SOURCE DATA:

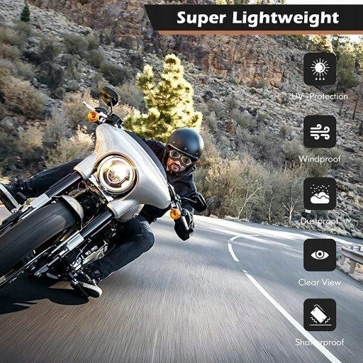 Wiatroszczelna i pyłoszczelna: przyjęto soczewkę PC, która ma szerokie pole widzenia i wyraźne pole widzenia. Może uniknąć silnego wiatru i różnych oślepiających świateł. Jest wodoodporny, pyłoszczelny i wytrzymały, dzięki czemu jazda motocyklem jest bezpieczniejsza.
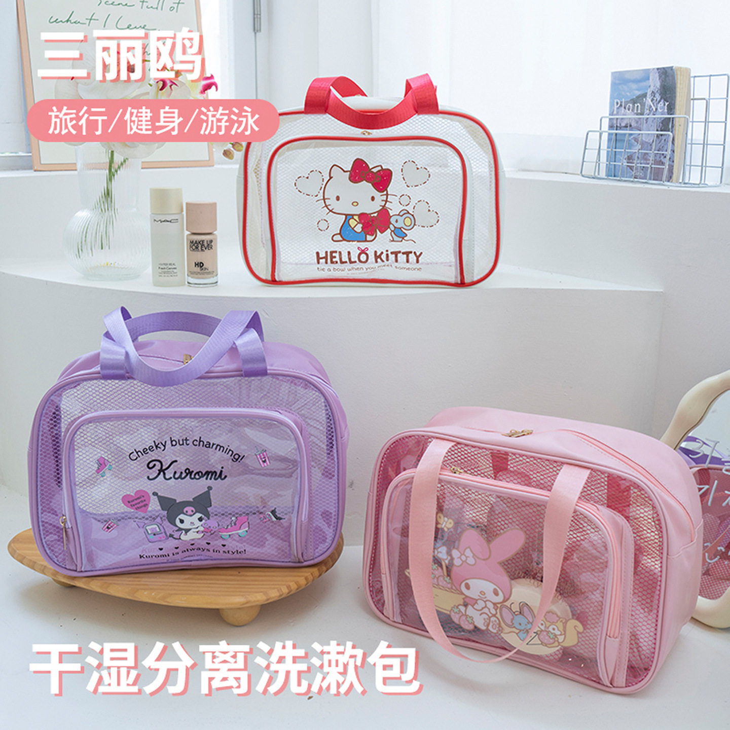 helloKitty三丽鸥防水透明化妆包大容量便携旅行洗漱收纳包手提kt
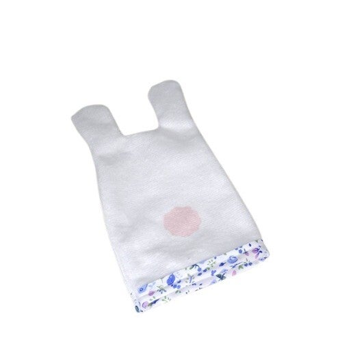 Ce gant est réalisé dans un tissu imprimé en éponge bambou et agrémenté d’un biais en coton imprimé papillon rose et mauve sur un fond blanc.
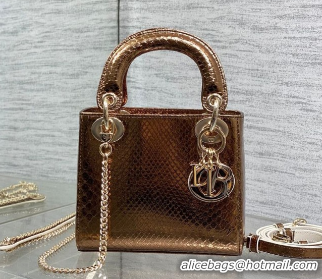 Duplicate Dior Mini Lady Dior Bag in Snakeskin Leather DR012606 Bronze 2026
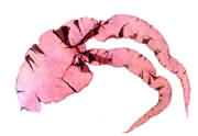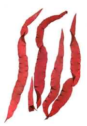 藻體紫紅色,片狀,膜質(zhì),長帶形,長30~60厘米,最大達2米,寬lo~15厘米。四分抱子囊散生在皮層中。生長在低潮帶附近巖石和貽貝養(yǎng)殖架上。產(chǎn)于深山、中街山、南麂等地?晒┦秤谩⑺幱煤椭颇z工業(yè)原料。
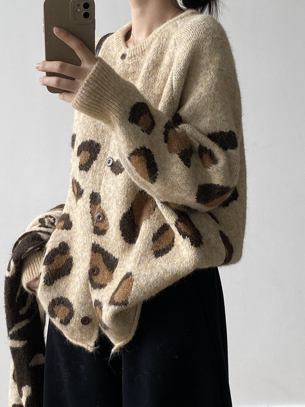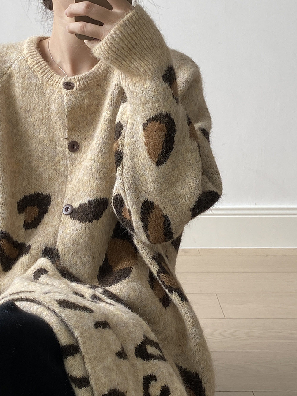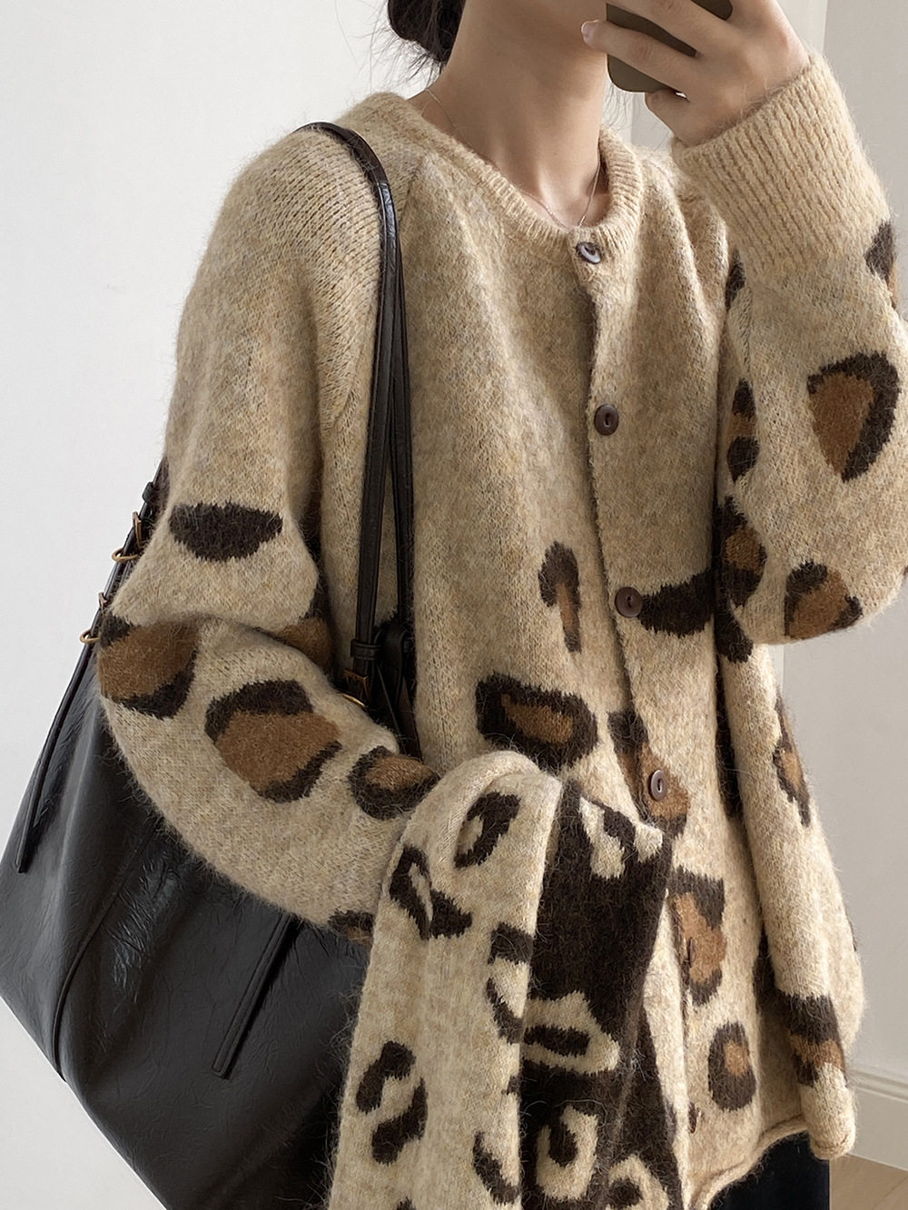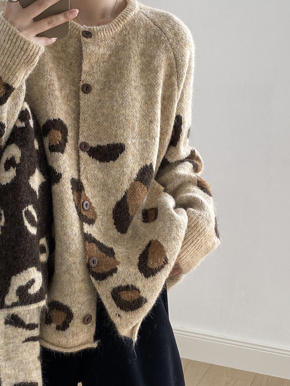 【トップス】ゆるニット レオパード柄カーディガン マフラー付き 秋冬 暖かい おしゃれ レディース【JZシリーズ】

PROBLEM TO SOLVE: Quote the records above in full, dropping each picture.

YOUR SOLUTION:
 Wiatroszczelna i pyłoszczelna: przyjęto soczewkę PC, która ma szerokie pole widzenia i wyraźne pole widzenia. Może uniknąć silnego wiatru i różnych oślepiających świateł. Jest wodoodporny, pyłoszczelny i wytrzymały, dzięki czemu jazda motocyklem jest bezpieczniejsza.
 helloKitty三丽鸥防水透明化妆包大容量便携旅行洗漱收纳包手提kt
 Ce gant est réalisé dans un tissu imprimé en éponge bambou et agrémenté d’un biais en coton imprimé papillon rose et mauve sur un fond blanc.
 Duplicate Dior Mini Lady Dior Bag in Snakeskin Leather DR012606 Bronze 2026
 藻體紫紅色,片狀,膜質(zhì),長帶形,長30~60厘米,最大達2米,寬lo~15厘米。四分抱子囊散生在皮層中。生長在低潮帶附近巖石和貽貝養(yǎng)殖架上。產(chǎn)于深山、中街山、南麂等地?晒┦秤谩⑺幱煤椭颇z工業(yè)原料。
 【トップス】ゆるニット レオパード柄カーディガン マフラー付き 秋冬 暖かい おしゃれ レディース【JZシリーズ】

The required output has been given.